第26話 告白

「戻ったか、パレットよ……」


 教会の地下、瑠璃色のローブを羽織った神父がパレットに語りかける。次の瞬間、パレットは思いがけない言葉を口にした。


「はい、お父さん・・・・……」


 パレットは、その人物を神父様ではなく、お父さんと呼んだのだ。


「くくく、どうやら全てを思い出したようだな、パレット。いや、さやかよ」


 今まで神父を名乗っていたこの人物は、どうやらパレットの実の父親だったようだ。つまり、この人物もあの世界から来た人物ということになる。


「全ての事象は当初の計画通り進んでいる。外へ出るぞ」


「はい」


(地下迷宮には、邪悪な心を持った人は入れない、とヴァルカンやホッブズが言っていた。瑠璃様があたしの記憶を消したのは、戦争下で育まれた負の感情を消し去り、地下迷宮へ入れるようにするためだったのだろう。つまりは、初めからそう仕向けられていたんだ)


 パレットと神父は地下の階段を登り、そして教会の外へ出た。すると上空のほうから、パラパラパラと何かが迫ってくる音がした。ヘリコプターだ。


 ヘリコプターから長い縄はしごが降ろされる。パレットと神父は、はしごからヘリコプターの中へ移った。

 ヘリコプターは高度を上げ、雲を突き抜ける。


「見えたぞ……あれが神を誘き出すための最終兵器、『戦艦デストロイヤー』だ!!」


 目の前に圧倒的な存在感を放つ、全長300mはあろうほどの、巨大な空中戦艦が現れた。四方八方にはいくつもの砲台が備え付けられている。


(……!! なんて大きな戦艦なの!?)


「ようやく我々の悲願が達成される……この世界の神を殺し、瑠璃様が新しい神となる時が、目前に迫っているのだ」


 ヘリコプターを戦艦のへリポートに着地させ、防風服を来たパレットと神父は戦艦の中へと入っていく。

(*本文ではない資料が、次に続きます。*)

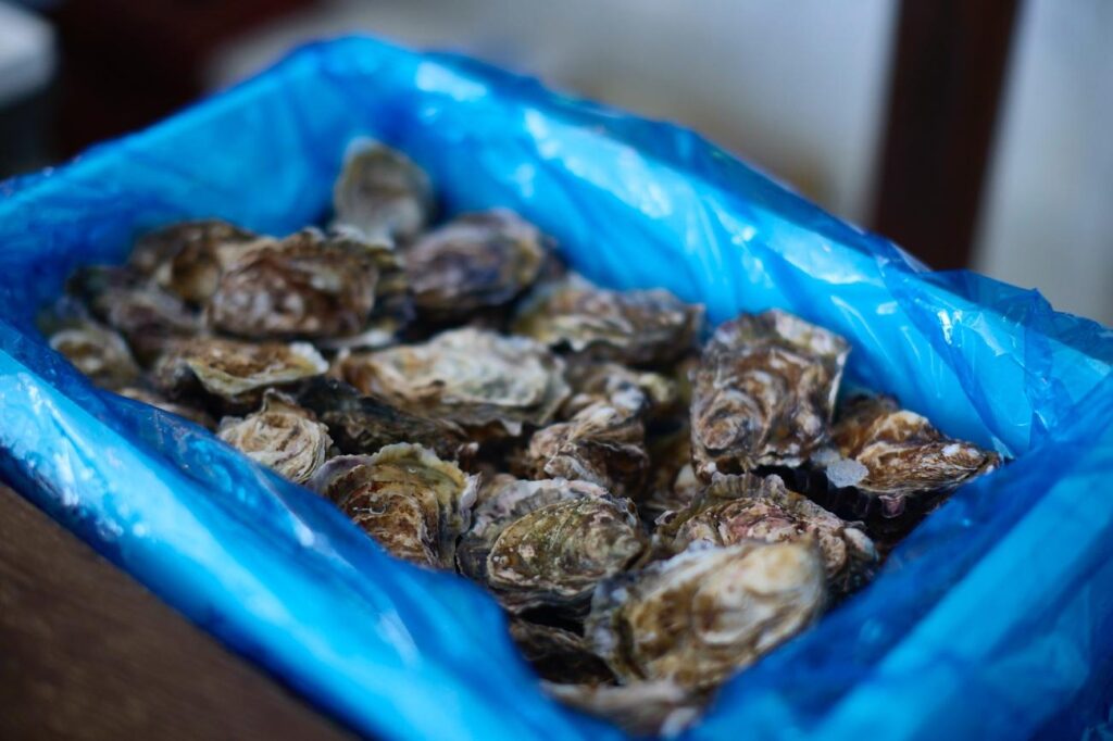 ▲牡蠣を一粒ずつ丁寧に扱いながら、スタッフが店内のカウンターで手際よく手作業で掃除し鮮度を保てるよう保管しています

 戦艦の中には、瑠璃色のローブを羽織った人たちがウジャウジャといた。彼らも瑠璃様の持つ秘宝獣の能力で別の平行世界から連れてこられた、瑠璃様の信者なのだろう。


 パレットと神父は、いくつかのブロックを抜け、戦艦の最奥の部屋であるモニタールームに辿り着いた。15つあるモニターからは、戦艦の内外の状況が手に取るように分かる。上空から見た陽光町の様子も映し出されている。


「手始めに、この町に原子爆弾を落とす。町を護っていた結界が消えた今、この町は跡形もなくなるだろう。さすれば異変を感じた神が現れる。それを瑠璃様が討ち取るのだ」


 神父は「フハハハハ」と高笑いをする。パレットは表情一つ変えず、黙ってその話を聞いていた。


(やるなら今しかない。あたしはここで、お父さんと『心中・・する』!!)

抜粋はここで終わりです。